Among the lines of the listing below, retype exactly those from the one containing "LaiBa 衣装ケース 2個組" through the one containing "DELIHEARTさんは、世", both included. Do not include pictures.

Information provided:

______

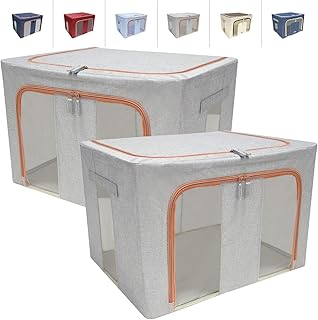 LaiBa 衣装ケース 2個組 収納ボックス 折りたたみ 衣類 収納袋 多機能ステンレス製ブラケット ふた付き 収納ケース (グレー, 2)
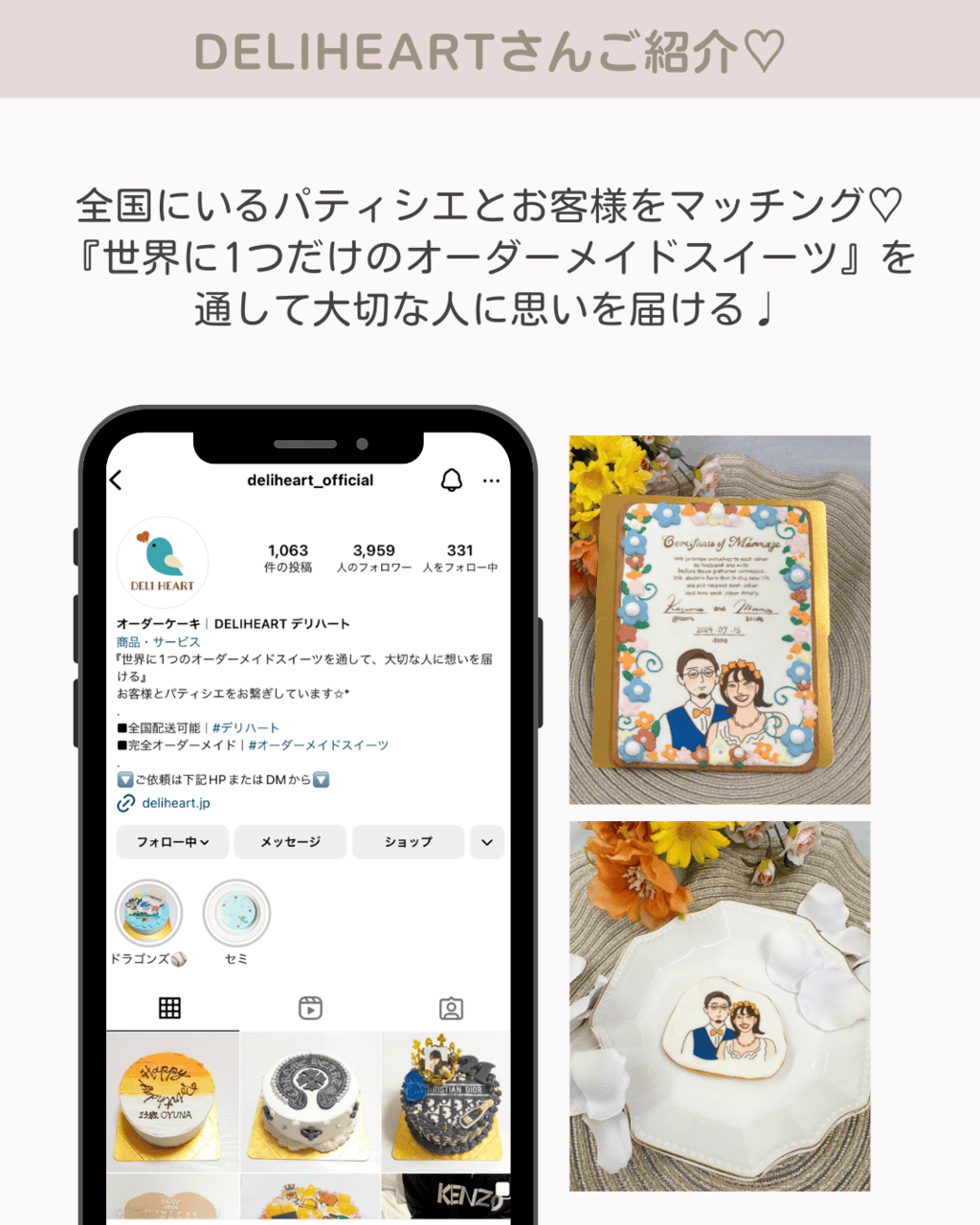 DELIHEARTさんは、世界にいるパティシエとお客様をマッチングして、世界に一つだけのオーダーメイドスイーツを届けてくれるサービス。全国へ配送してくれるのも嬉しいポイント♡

______

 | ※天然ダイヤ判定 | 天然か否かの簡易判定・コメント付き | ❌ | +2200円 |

______

Worked solution:
 LaiBa 衣装ケース 2個組 収納ボックス 折りたたみ 衣類 収納袋 多機能ステンレス製ブラケット ふた付き 収納ケース (グレー, 2)
 DELIHEARTさんは、世界にいるパティシエとお客様をマッチングして、世界に一つだけのオーダーメイドスイーツを届けてくれるサービス。全国へ配送してくれるのも嬉しいポイント♡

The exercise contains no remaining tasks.